Funny enough, that's exactly what I've been doing. I started volunteering this past year with FTC and, time permitting, plan to do the same this year. The key thing being that "time permitting"-- as a student I don't know my schedule for FRC's season until at the earliest November, and at the latest January, after trying to switch things around to make volunteering a possibility. I have a great deal of love for FRC, and last year I did a great deal of work to make it possible for me to volunteer at two regionals and Championships, plus an FTC Super Regional, but as I'm pretty sure anyone who volunteers at events knows, sometimes it simply isn't possible for it to work, and that's even more of an issue for college students who are passionate about the program and want to stay involved.

GaryVoshol
31-08-2015, 20:35
Michigan had 2 head refs to cover 3 regionals in 2008.

We went to 7 district events in 2009 (plus MSC) - added one new head ref, and imported at least one head ref from outside MI to cover one of the events.

In 2010 we still had 7 district events, but now had 4 head refs - 2 new, one retired.

Last year we had 18 district events, 8 head refs (2 new).

So most of us do 2 or 3 events, plus MSC.

Now FTA's - we have a couple insane ones who work every weekend!

My point is, you can develop key volunteers as you expand. It would be a big jump the first year for MN, simply because of the size - they should have gone to districts 2 or 3 years ago. But I understand why they didn't, because they had so many new rookie teams in the years prior, they couldn't handle districts then. If they don't go to districts soon, though, the initial implementation will only get worse.

SpaceBiz
31-08-2015, 20:42
If Illinois is switching to districts they should consider adding Wisconsin into that district too. They share a population center (fairly) near Chicago, and could use it as a central location for the District Championship.

Gregor
31-08-2015, 20:45
Trust me, there's still plenty of room for more people to volunteer, especially in key roles. The only reason it seems that "all the slots are taken" is because people are pulling double duty all over the place filling those roles both in Duluth and Minneapolis... and they're only doing that because we need them to in order to get the events to run. We're desperately looking for people with the "right stuff" to hold those key volunteer roles and doing our best to train them in when we do identify them. Unfortunately, they don't grow on trees.

Speaking of the discussions I've had with others helping to run things here, the common theme is "Districts are coming... and we're not ready yet". We're working on it.

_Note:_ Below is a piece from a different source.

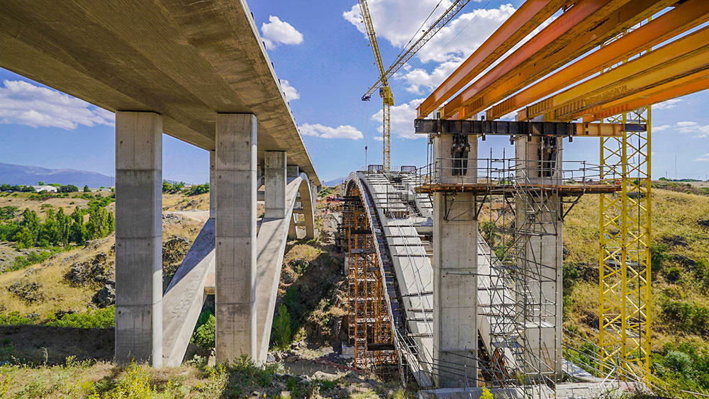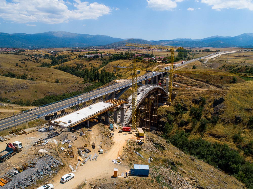 En el arco, ULMA ha propuesto una solución de cimbra porticada sobre zapatas para salvar un terreno escarpado y con pendiente. La geometría del arco se ha conseguido colocando cerchas H-33, de 20 m de longitud, con una doble cimbra.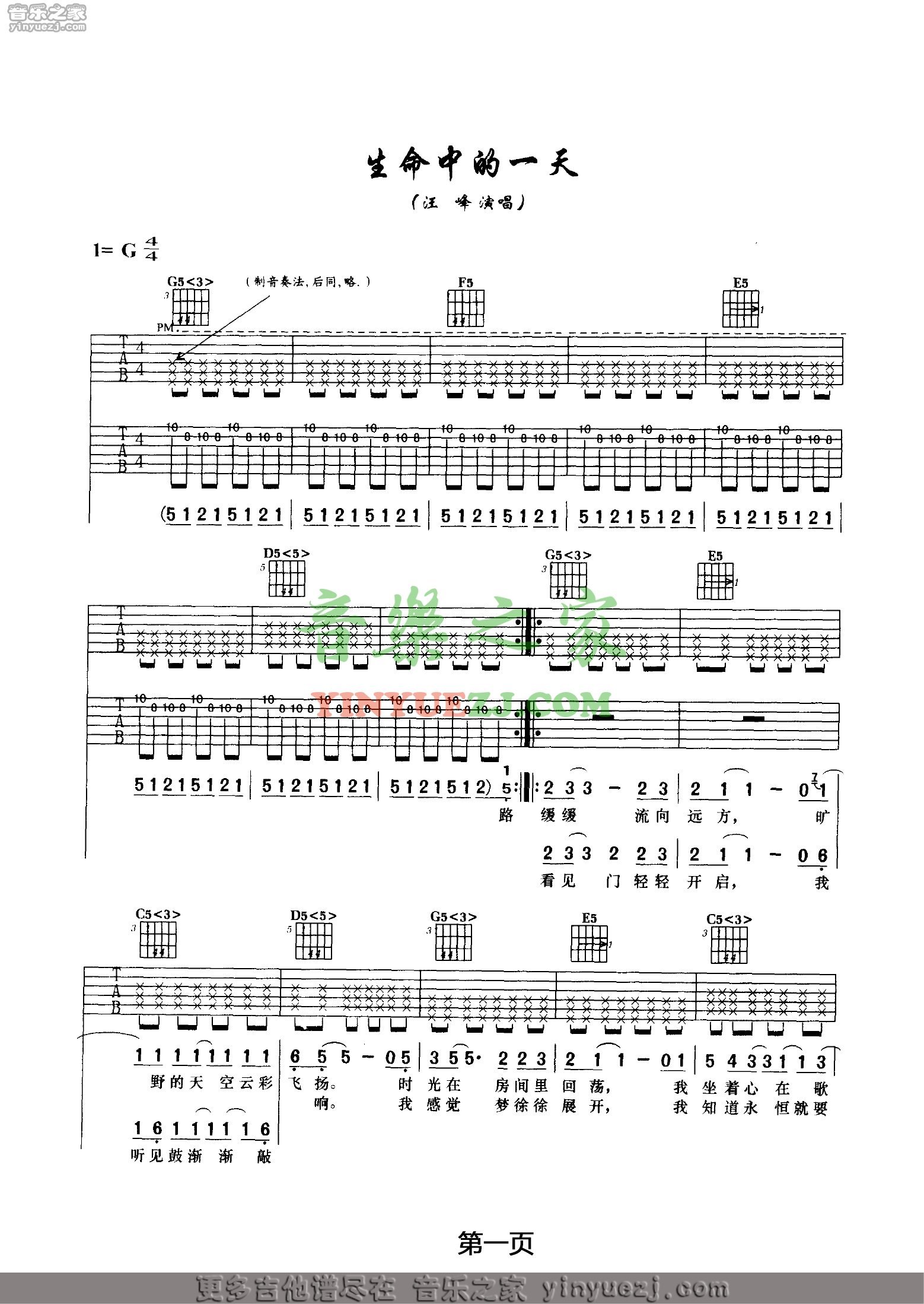 吉他汪峰《生命中的一天》吉他谱_吉他弹唱谱_YYZJ编配

Are you sure the key volunteers are only doing two events because they have to? Every single key volunteer I've ever met does multiple events because they love volunteering and would be there anyway even if they weren't needed.

Caleb Sykes
31-08-2015, 20:57
Lets put it this way... would you want to attend a district with a head ref who got the job because someone was desperately needed for the position, or one who got the job because they had been reffing for years and were identified as a good fit for the position?

Personally, I would be content with having a lower-quality head ref at my events for one year if that meant we could get to districts faster. Even if one whole district event of mine is completely ruined by a series of stupid calls, I would still participate in another whole event as well as (possibly) district championships were we in the district system, which is more than most teams have currently with one regional.

I'm probably in the minority here though.

EricH
31-08-2015, 21:02
Are you sure the key volunteers are only doing two events because they have to? Every single key volunteer I've ever met does multiple events because they love volunteering and would be there anyway even if they weren't needed.

Funny, that's how it is out here too. It also, for some reason, breeds consistency between events when the LRIs for later events drop in on earlier events to help out for a day (and the same for head referees). I can't quite figure that out ;).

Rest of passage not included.